# TASK DETAILS
The lines below starting at the line containing "Bushfires in the" and ending at the line containing "Kaja Mianowana as" are to be repeated exactly, with both ends kept and nothing else added.

[[ DATASET CONTENT, beginning ]]

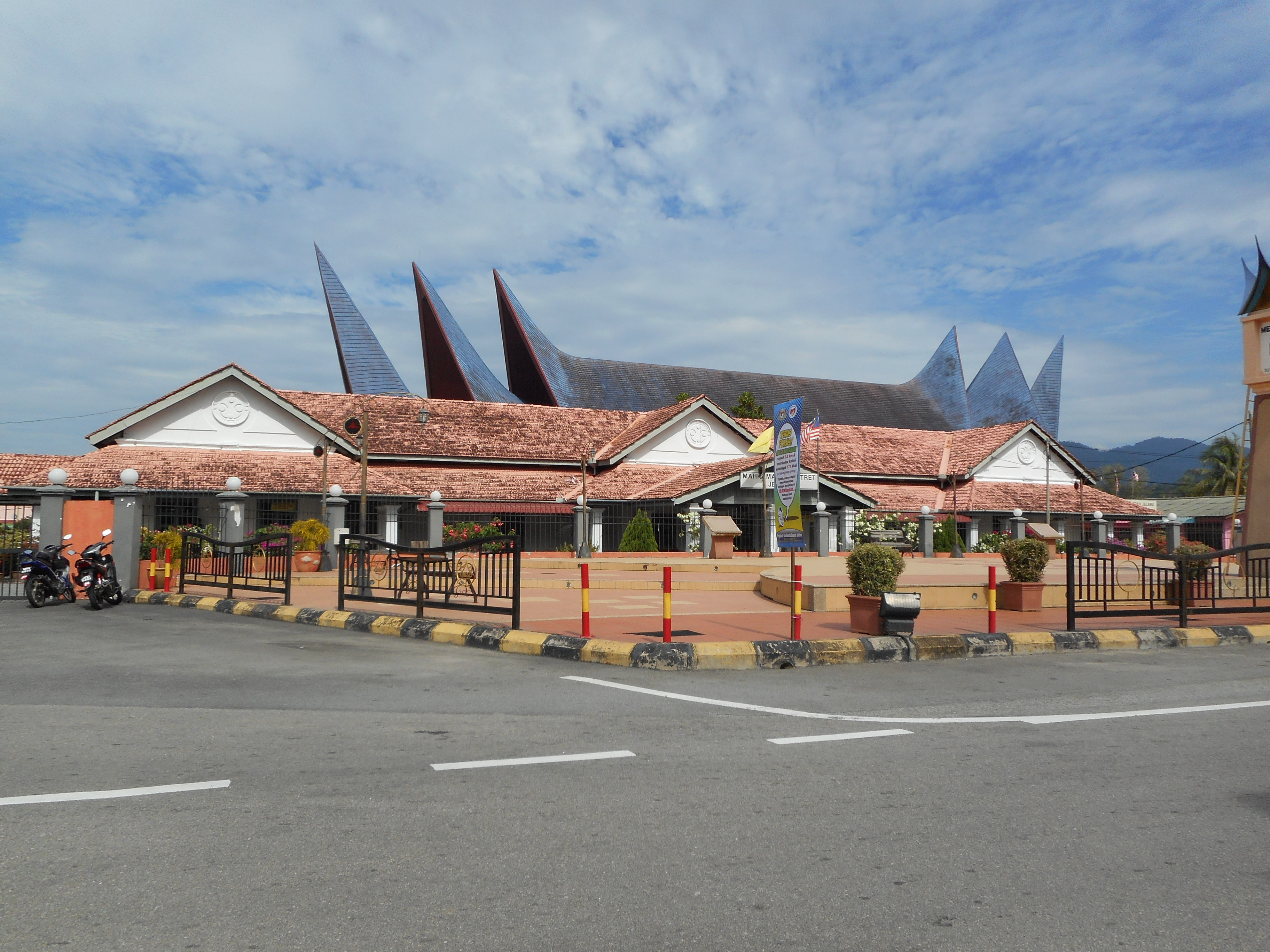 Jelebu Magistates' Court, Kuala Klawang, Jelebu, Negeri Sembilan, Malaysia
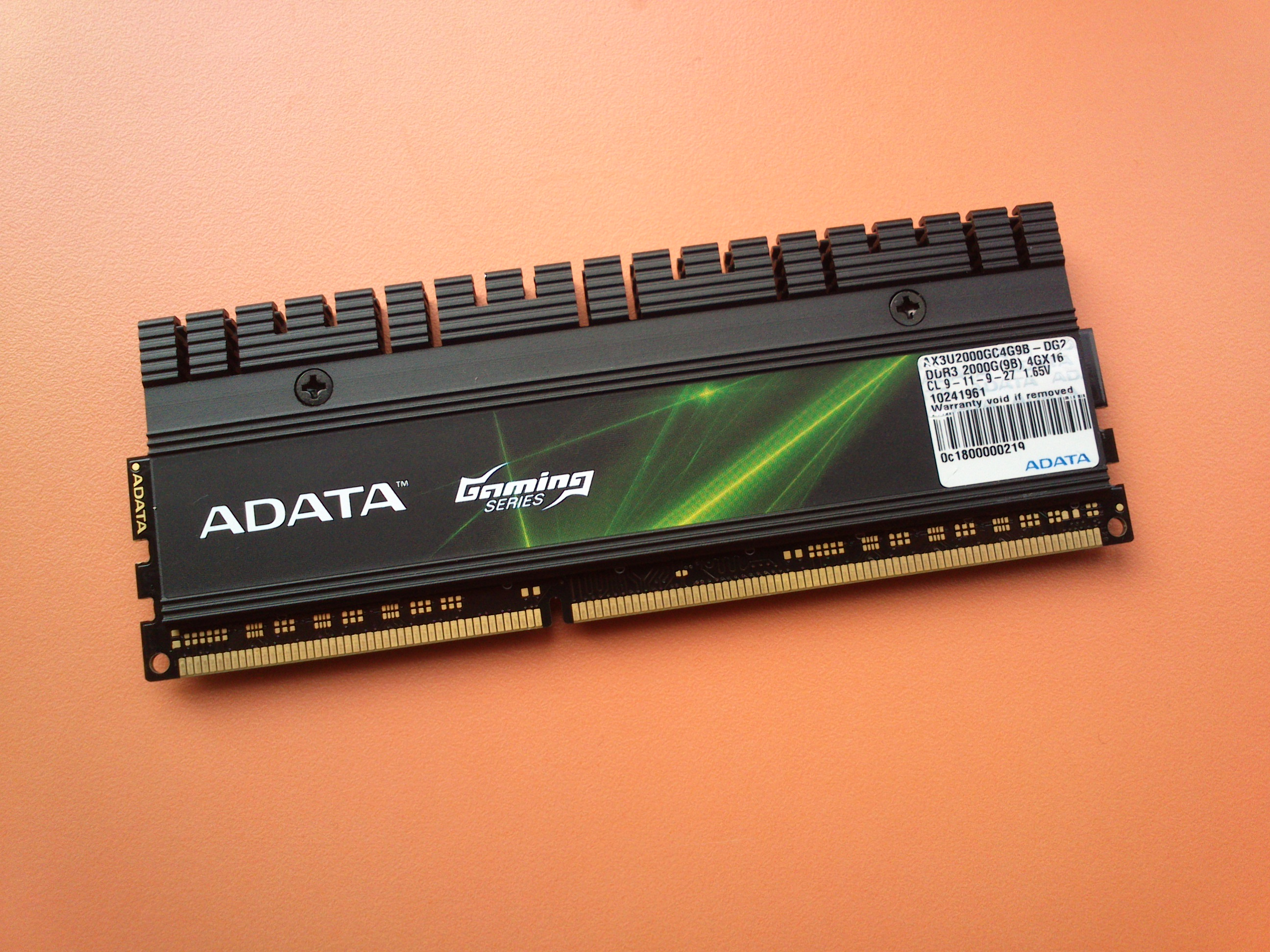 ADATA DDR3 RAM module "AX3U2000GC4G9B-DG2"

[[ DATASET CONTENT, end ]]
[[ DATASET CONTENT, beginning ]]

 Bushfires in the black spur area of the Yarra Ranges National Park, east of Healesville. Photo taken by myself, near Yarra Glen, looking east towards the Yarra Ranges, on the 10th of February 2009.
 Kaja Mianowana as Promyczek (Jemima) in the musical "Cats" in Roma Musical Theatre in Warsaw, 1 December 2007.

[[ DATASET CONTENT, end ]]

# RESPONSE
 Bushfires in the black spur area of the Yarra Ranges National Park, east of Healesville. Photo taken by myself, near Yarra Glen, looking east towards the Yarra Ranges, on the 10th of February 2009.
 Kaja Mianowana as Promyczek (Jemima) in the musical "Cats" in Roma Musical Theatre in Warsaw, 1 December 2007.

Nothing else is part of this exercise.